DATA =
════════════════════

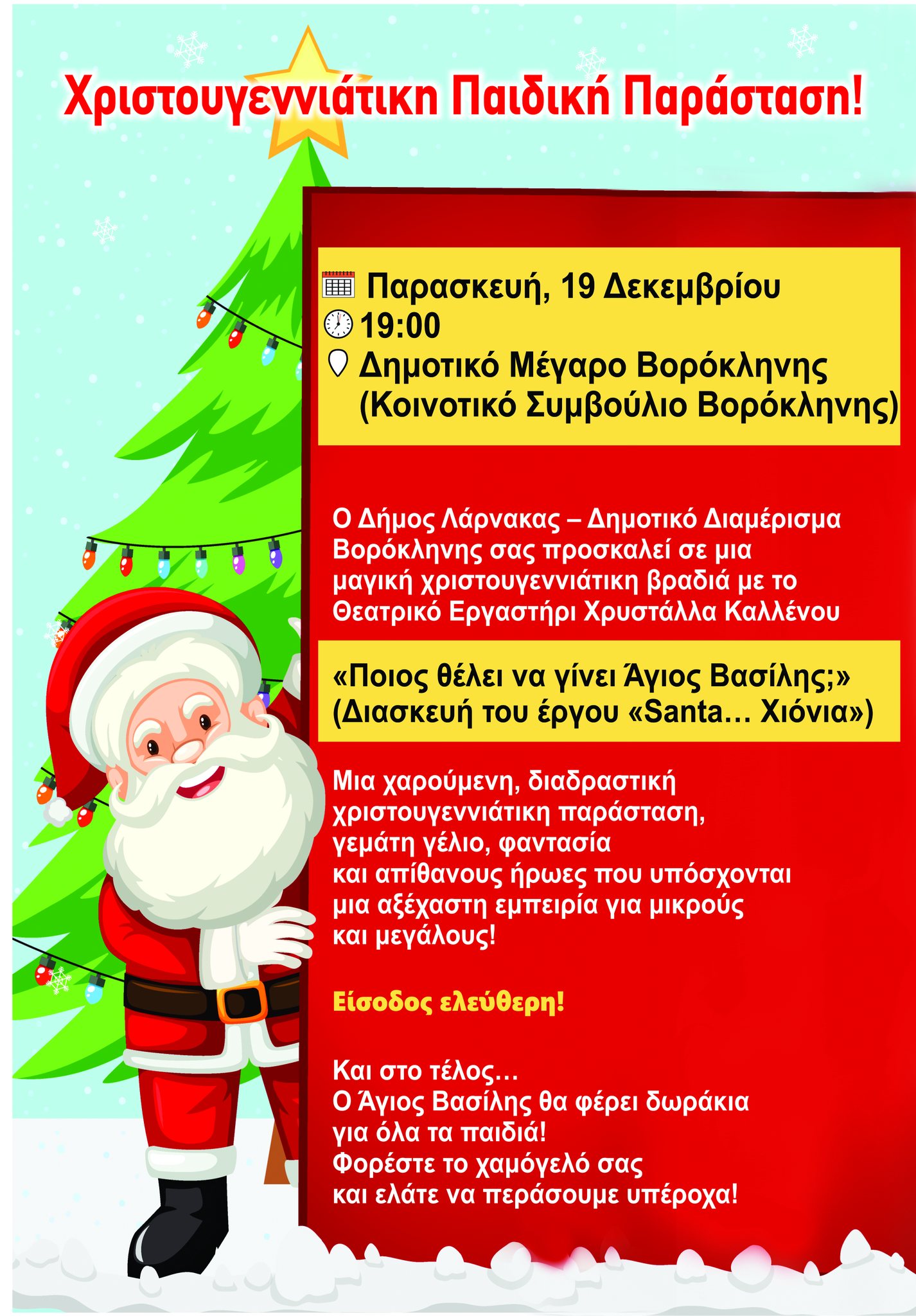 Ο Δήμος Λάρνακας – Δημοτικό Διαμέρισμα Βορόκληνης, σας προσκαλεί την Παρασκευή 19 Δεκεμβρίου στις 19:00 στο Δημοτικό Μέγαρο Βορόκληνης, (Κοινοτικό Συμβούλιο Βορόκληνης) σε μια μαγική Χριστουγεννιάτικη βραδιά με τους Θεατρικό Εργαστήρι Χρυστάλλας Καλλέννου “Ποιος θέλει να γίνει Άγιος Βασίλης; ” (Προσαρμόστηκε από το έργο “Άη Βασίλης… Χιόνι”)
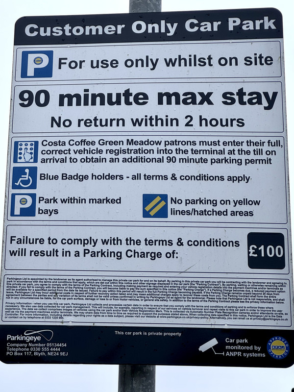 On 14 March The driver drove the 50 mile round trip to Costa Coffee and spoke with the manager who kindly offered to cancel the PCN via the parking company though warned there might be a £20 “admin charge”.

════════════════════

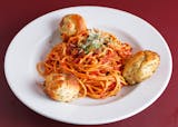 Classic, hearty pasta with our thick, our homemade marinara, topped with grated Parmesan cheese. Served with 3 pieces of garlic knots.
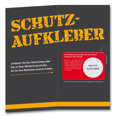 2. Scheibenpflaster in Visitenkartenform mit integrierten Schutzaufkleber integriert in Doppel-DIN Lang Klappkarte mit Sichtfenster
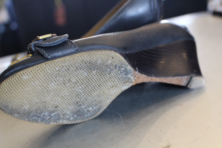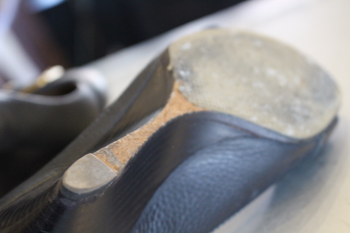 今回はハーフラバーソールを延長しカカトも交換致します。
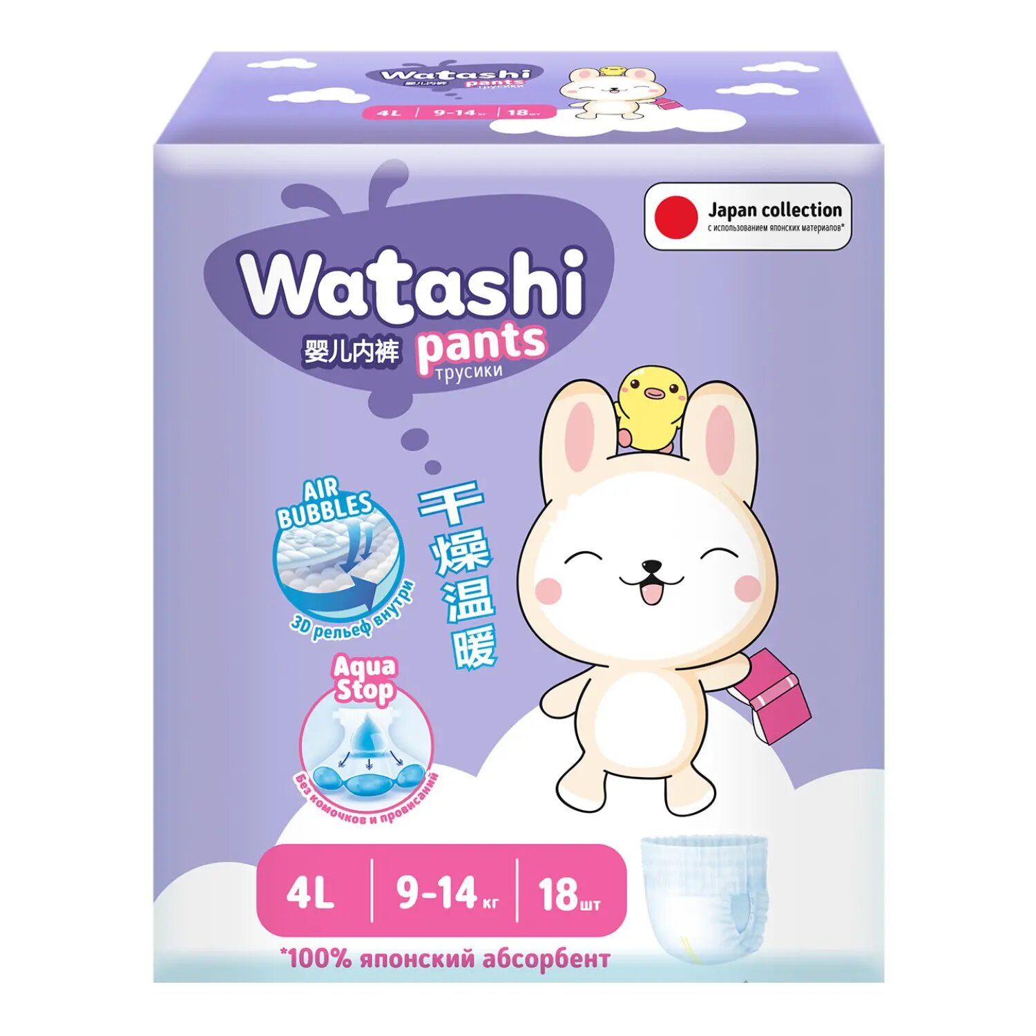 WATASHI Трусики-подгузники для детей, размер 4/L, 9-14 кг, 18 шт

════════════════════

TASK PROMPT = Taking the material above, give again exactly the lines from the one holding "Classic, hearty pasta" through the one holding "WATASHI Трусики-подгузники для", with both ends and without pictures.

WRITTEN SOLUTION =
 Classic, hearty pasta with our thick, our homemade marinara, topped with grated Parmesan cheese. Served with 3 pieces of garlic knots.
 2. Scheibenpflaster in Visitenkartenform mit integrierten Schutzaufkleber integriert in Doppel-DIN Lang Klappkarte mit Sichtfenster
 今回はハーフラバーソールを延長しカカトも交換致します。
 WATASHI Трусики-подгузники для детей, размер 4/L, 9-14 кг, 18 шт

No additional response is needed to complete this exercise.